--- Records for processing ---

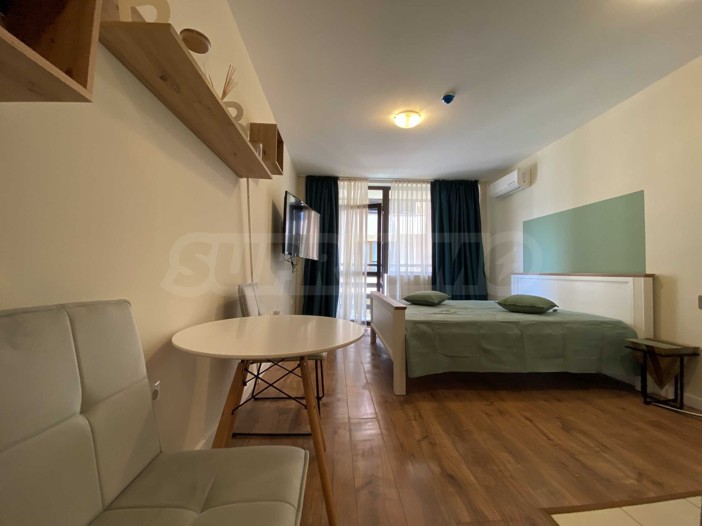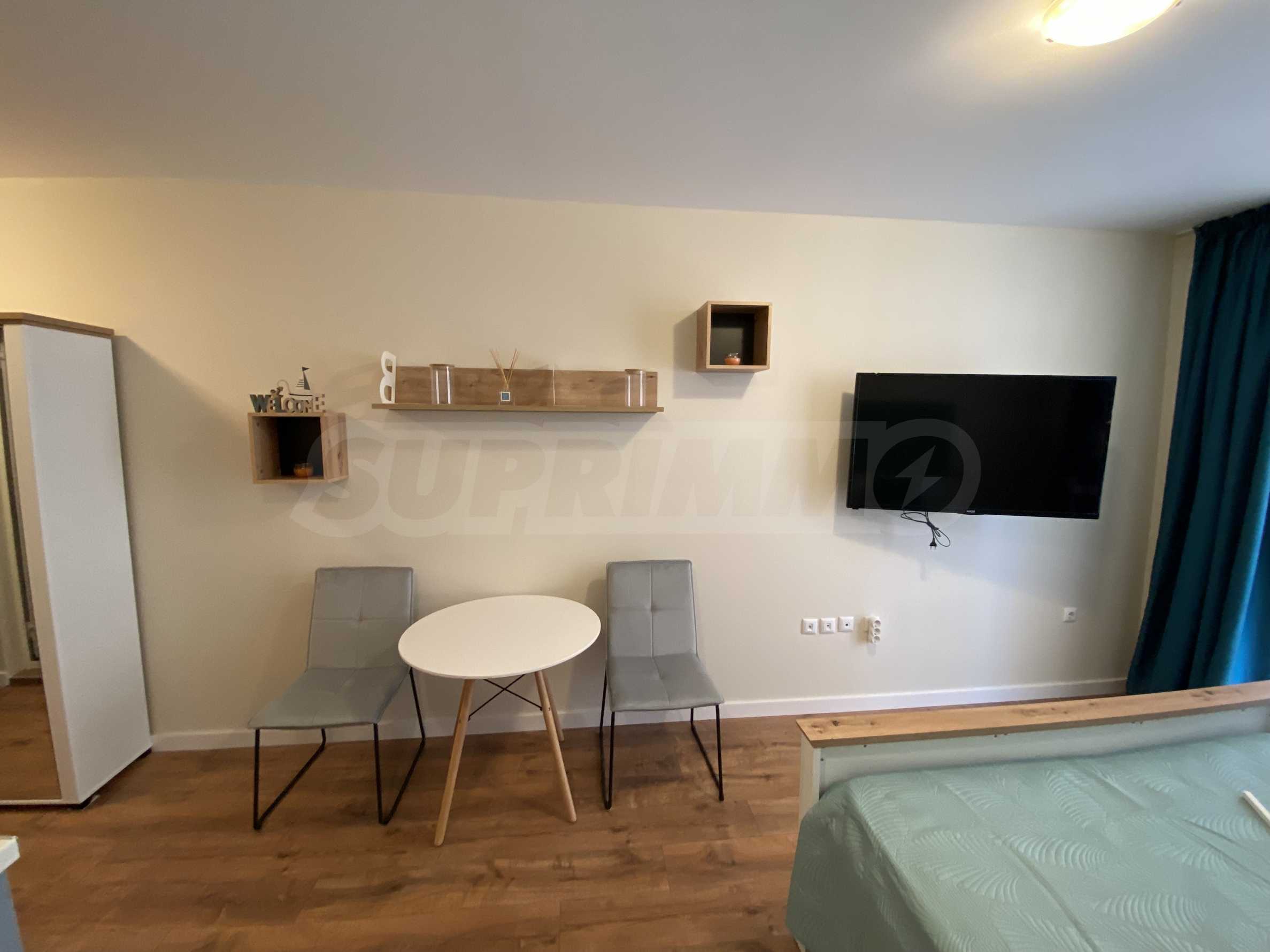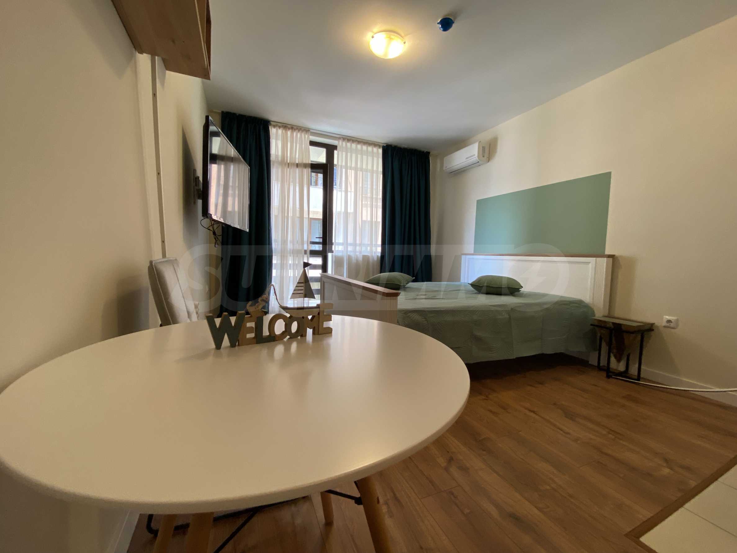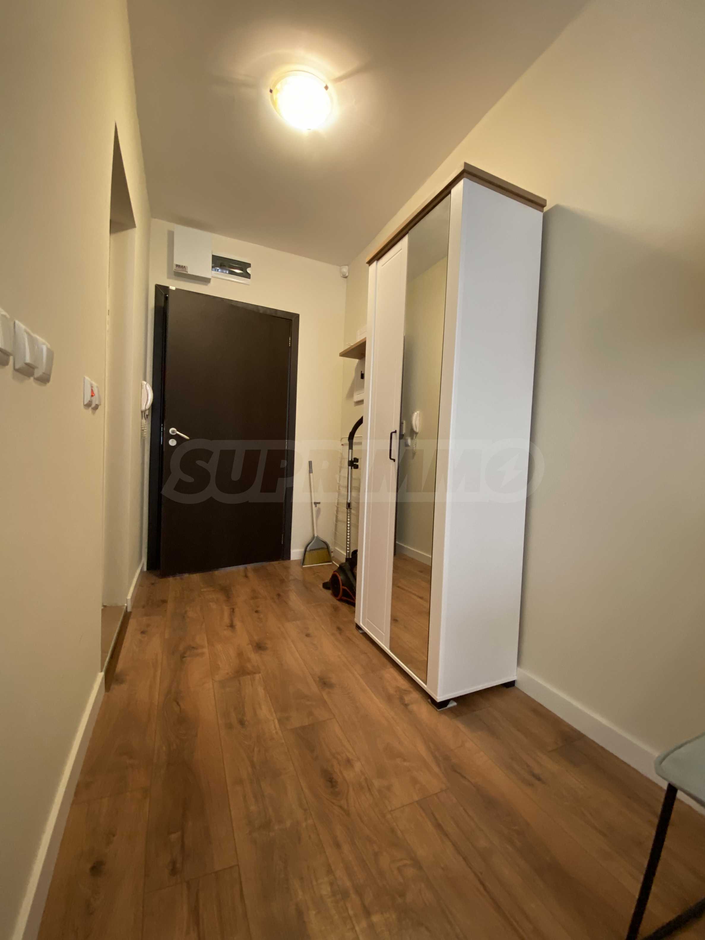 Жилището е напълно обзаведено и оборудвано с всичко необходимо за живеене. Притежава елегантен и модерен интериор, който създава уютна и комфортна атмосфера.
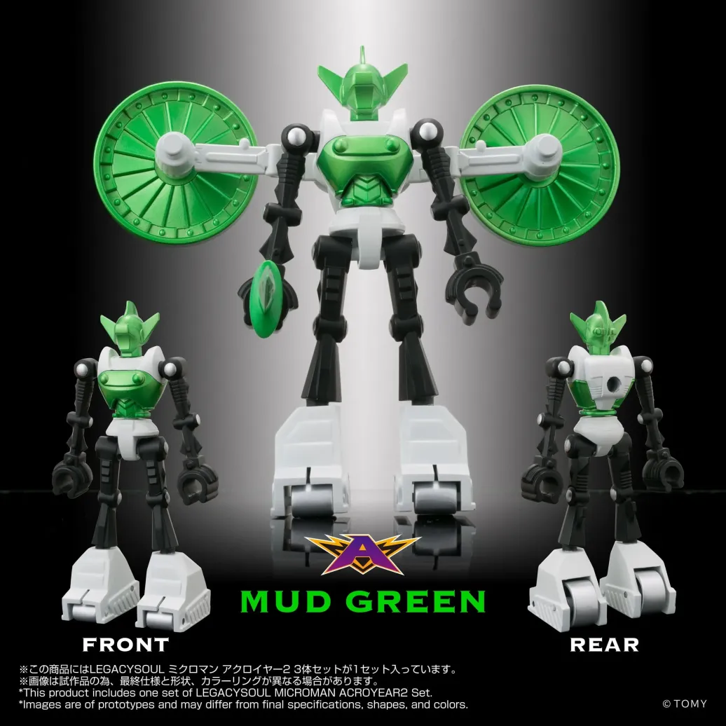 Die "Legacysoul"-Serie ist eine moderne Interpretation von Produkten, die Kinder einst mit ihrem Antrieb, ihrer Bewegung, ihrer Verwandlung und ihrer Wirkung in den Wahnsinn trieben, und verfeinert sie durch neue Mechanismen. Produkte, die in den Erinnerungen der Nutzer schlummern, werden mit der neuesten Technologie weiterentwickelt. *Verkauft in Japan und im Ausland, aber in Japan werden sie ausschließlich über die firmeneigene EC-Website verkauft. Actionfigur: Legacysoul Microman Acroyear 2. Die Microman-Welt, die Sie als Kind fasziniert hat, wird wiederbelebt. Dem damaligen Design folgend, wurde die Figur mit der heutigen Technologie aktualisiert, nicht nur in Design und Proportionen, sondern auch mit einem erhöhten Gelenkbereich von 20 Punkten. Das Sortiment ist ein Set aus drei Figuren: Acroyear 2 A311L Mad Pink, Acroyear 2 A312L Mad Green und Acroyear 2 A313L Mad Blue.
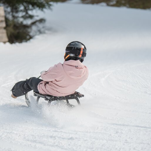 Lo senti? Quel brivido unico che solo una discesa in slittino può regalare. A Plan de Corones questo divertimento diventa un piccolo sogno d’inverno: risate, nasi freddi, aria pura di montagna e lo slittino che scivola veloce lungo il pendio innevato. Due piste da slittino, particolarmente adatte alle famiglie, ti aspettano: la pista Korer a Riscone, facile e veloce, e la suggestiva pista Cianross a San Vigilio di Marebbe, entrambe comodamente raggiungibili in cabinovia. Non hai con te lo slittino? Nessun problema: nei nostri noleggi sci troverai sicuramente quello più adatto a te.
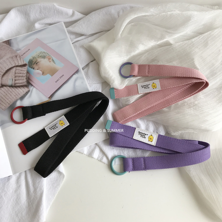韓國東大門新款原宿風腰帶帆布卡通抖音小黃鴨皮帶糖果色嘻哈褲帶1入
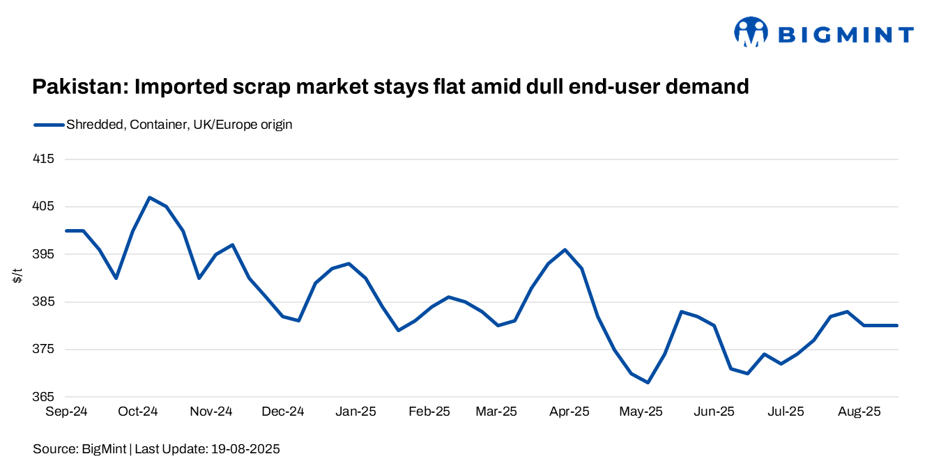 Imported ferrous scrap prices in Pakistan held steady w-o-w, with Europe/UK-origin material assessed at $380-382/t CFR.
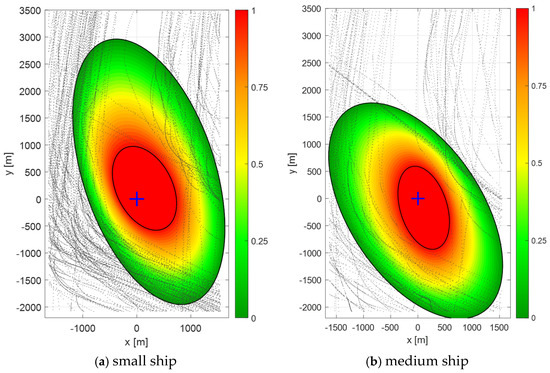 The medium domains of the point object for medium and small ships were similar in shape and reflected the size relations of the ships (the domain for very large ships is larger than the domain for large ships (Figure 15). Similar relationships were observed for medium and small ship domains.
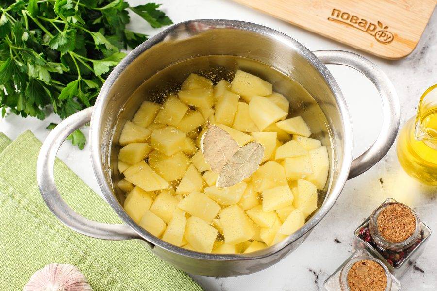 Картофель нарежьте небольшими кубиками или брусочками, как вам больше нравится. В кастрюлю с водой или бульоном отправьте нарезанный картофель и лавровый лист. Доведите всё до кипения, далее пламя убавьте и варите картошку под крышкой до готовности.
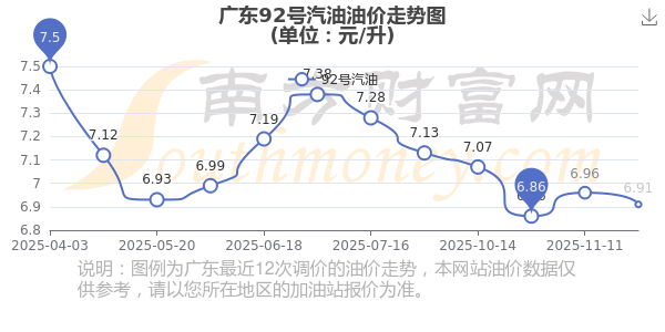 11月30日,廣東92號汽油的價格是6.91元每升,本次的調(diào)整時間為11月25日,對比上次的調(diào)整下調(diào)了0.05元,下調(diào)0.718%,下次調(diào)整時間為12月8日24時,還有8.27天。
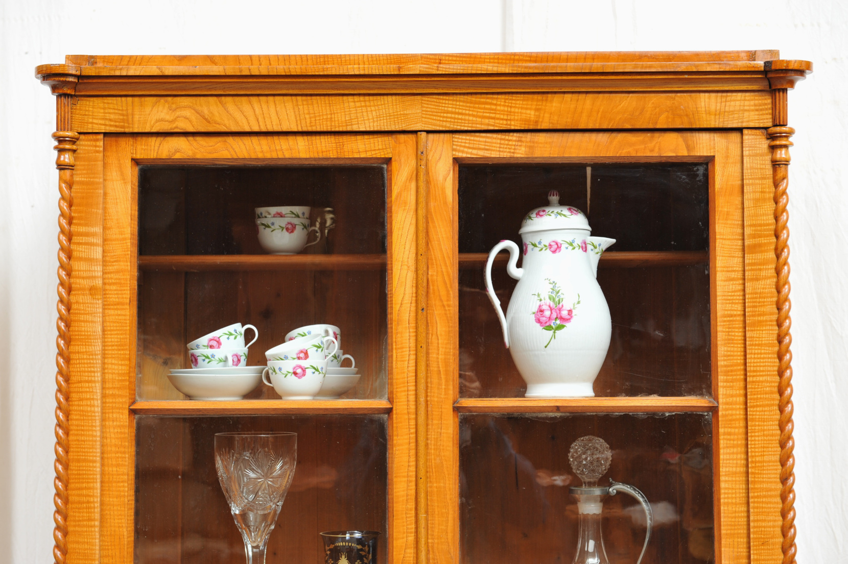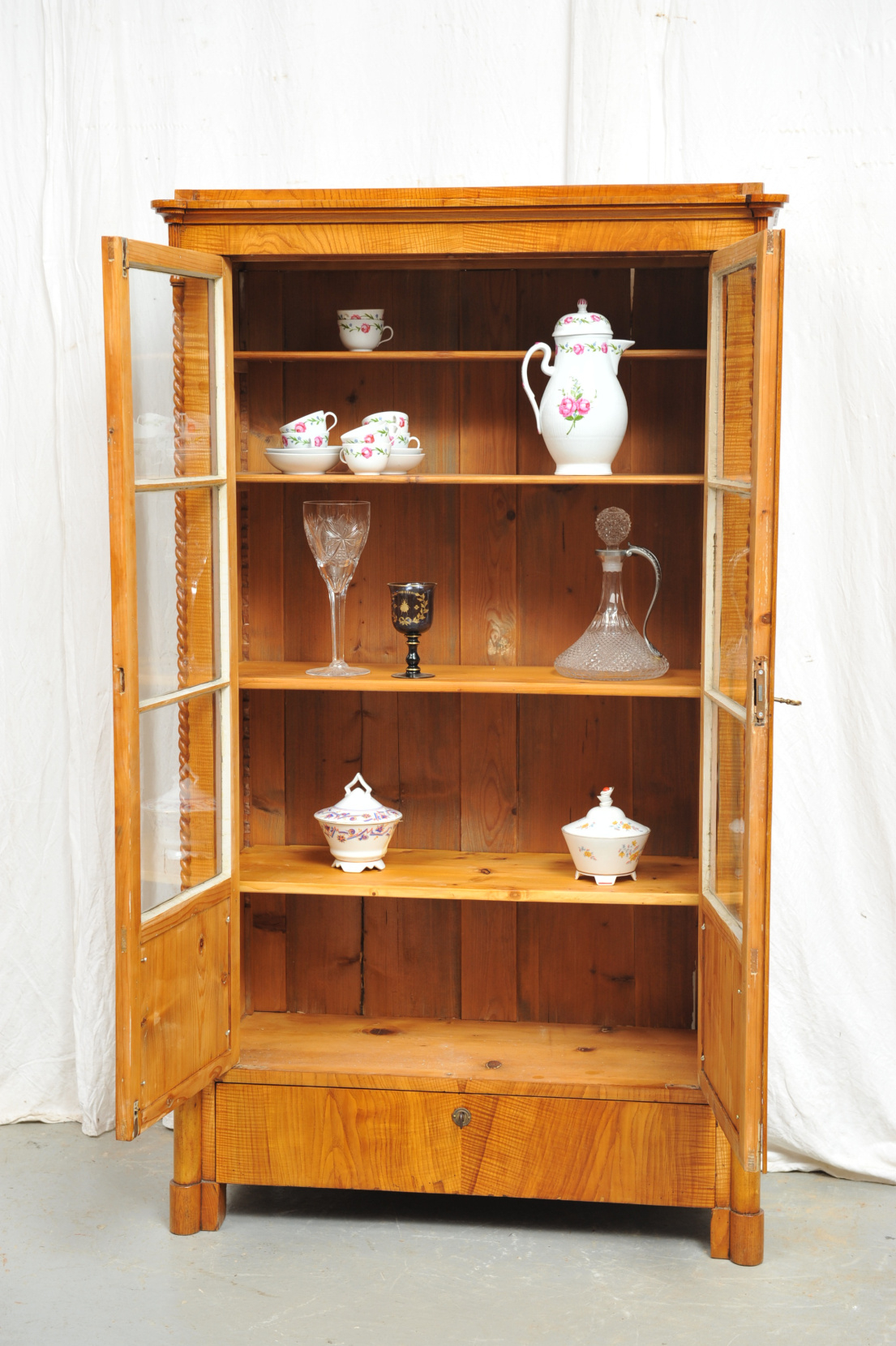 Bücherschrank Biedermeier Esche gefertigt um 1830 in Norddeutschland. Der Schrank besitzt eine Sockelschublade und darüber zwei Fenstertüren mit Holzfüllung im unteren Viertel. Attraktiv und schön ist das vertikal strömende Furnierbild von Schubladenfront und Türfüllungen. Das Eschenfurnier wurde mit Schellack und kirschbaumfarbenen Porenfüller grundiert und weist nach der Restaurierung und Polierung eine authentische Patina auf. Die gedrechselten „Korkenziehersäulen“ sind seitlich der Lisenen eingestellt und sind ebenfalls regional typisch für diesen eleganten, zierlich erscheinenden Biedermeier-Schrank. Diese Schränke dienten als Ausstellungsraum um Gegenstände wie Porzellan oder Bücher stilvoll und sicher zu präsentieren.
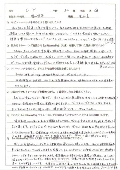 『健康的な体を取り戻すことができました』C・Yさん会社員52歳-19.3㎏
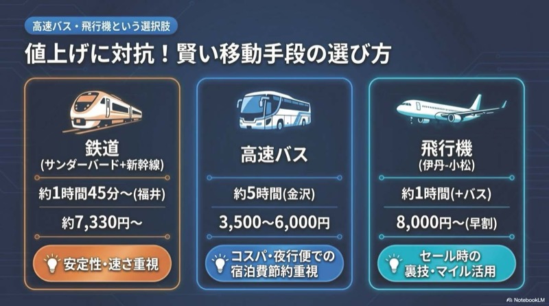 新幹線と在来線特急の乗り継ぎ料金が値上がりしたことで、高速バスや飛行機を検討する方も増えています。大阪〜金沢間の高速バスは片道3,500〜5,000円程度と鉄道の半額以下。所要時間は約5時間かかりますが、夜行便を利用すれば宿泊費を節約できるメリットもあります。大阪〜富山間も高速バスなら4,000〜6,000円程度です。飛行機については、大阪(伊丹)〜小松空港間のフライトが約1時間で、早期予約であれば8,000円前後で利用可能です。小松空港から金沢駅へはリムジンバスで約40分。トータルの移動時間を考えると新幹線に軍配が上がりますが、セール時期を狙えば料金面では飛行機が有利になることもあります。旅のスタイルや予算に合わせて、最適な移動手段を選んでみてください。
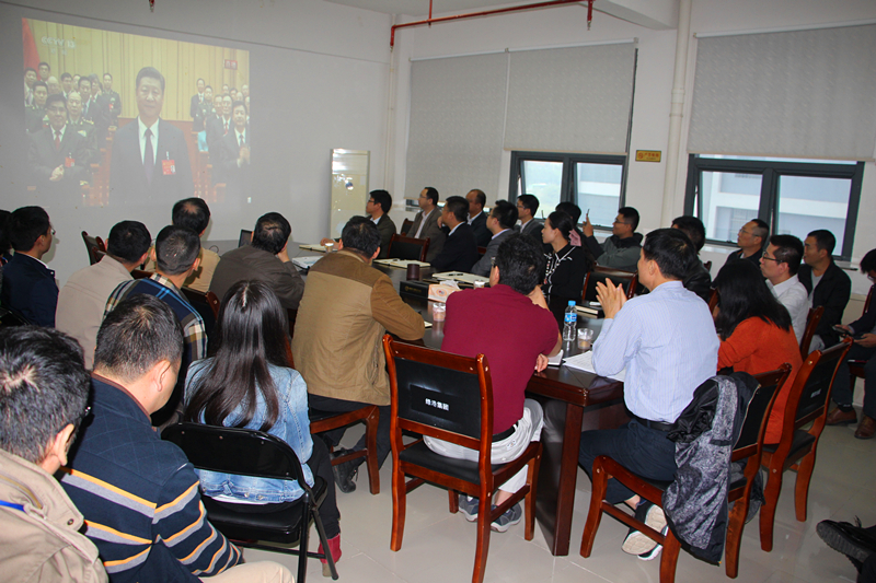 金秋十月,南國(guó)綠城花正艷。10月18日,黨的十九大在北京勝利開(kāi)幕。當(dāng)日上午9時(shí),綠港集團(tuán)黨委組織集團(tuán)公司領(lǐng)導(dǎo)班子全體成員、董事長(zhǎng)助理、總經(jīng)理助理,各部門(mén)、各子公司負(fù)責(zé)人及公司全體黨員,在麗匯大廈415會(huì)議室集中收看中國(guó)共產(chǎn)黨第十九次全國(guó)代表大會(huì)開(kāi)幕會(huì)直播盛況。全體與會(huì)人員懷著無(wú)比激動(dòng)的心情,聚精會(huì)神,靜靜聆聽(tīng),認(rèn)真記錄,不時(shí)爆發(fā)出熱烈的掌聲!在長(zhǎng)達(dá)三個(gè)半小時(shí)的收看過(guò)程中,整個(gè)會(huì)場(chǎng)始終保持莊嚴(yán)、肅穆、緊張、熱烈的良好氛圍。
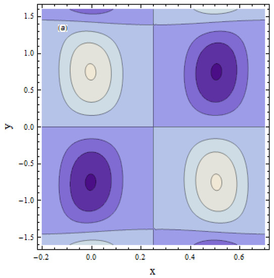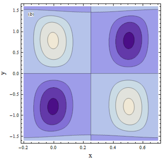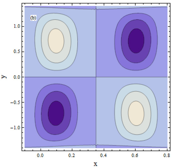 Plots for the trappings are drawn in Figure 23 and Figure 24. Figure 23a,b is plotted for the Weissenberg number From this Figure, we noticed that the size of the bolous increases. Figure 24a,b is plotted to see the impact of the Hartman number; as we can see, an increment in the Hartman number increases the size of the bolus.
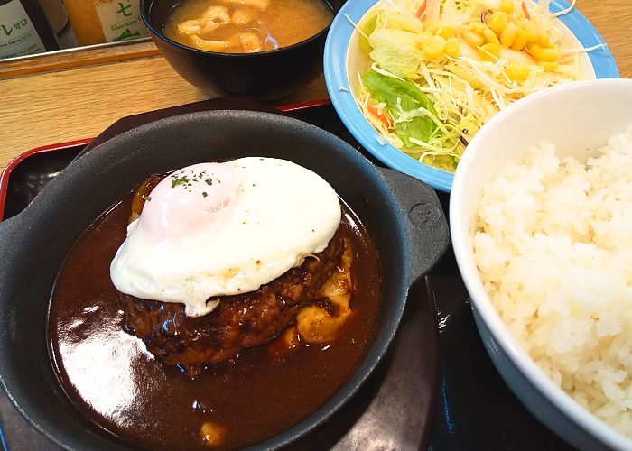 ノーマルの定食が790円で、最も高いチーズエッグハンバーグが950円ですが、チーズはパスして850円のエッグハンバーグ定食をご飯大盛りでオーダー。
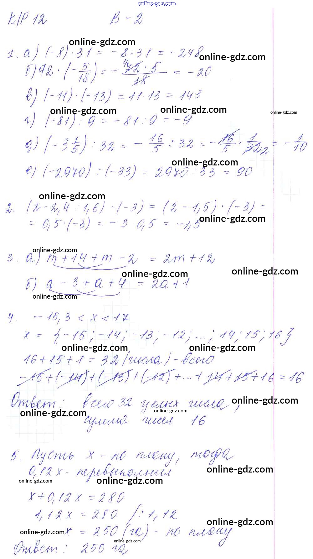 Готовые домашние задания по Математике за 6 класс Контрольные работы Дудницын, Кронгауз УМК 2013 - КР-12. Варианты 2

---

**Problem description:** Every line from the one with "Plots for the" to the end of the records above should be restated word for word, and no picture belongs in the copy.

**Task output:**
 Plots for the trappings are drawn in Figure 23 and Figure 24. Figure 23a,b is plotted for the Weissenberg number From this Figure, we noticed that the size of the bolous increases. Figure 24a,b is plotted to see the impact of the Hartman number; as we can see, an increment in the Hartman number increases the size of the bolus.
 ノーマルの定食が790円で、最も高いチーズエッグハンバーグが950円ですが、チーズはパスして850円のエッグハンバーグ定食をご飯大盛りでオーダー。
 Готовые домашние задания по Математике за 6 класс Контрольные работы Дудницын, Кронгауз УМК 2013 - КР-12. Варианты 2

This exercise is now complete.